> _WHAT IS BEING ASKED_: Return only the lines below starting at the line containing "Additional page with" and ending at the line containing "137년 전통의 씰리침대가", both included, exactly as they are and with no pictures.

> _EXERCISE INPUTS_:
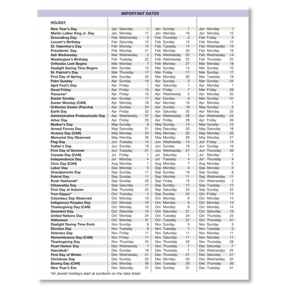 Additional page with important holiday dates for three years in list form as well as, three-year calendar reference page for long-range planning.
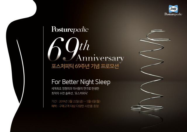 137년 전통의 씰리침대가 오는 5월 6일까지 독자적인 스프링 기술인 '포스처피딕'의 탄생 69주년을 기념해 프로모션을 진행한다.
---
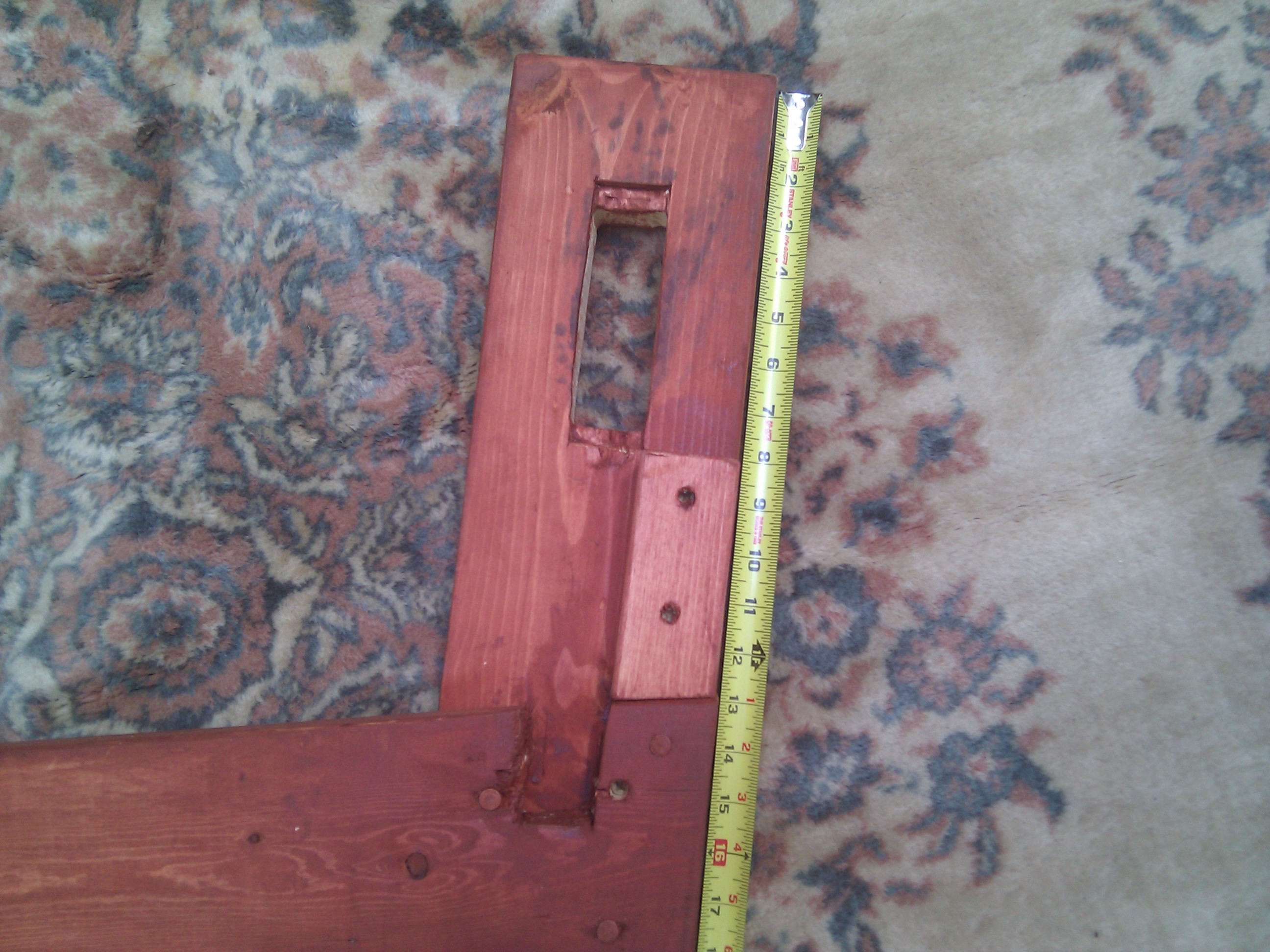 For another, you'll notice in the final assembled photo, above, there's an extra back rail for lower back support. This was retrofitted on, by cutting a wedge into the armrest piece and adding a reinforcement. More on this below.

> _ANSWER TO THE PROBLEM_:
 Additional page with important holiday dates for three years in list form as well as, three-year calendar reference page for long-range planning.
 137년 전통의 씰리침대가 오는 5월 6일까지 독자적인 스프링 기술인 '포스처피딕'의 탄생 69주년을 기념해 프로모션을 진행한다.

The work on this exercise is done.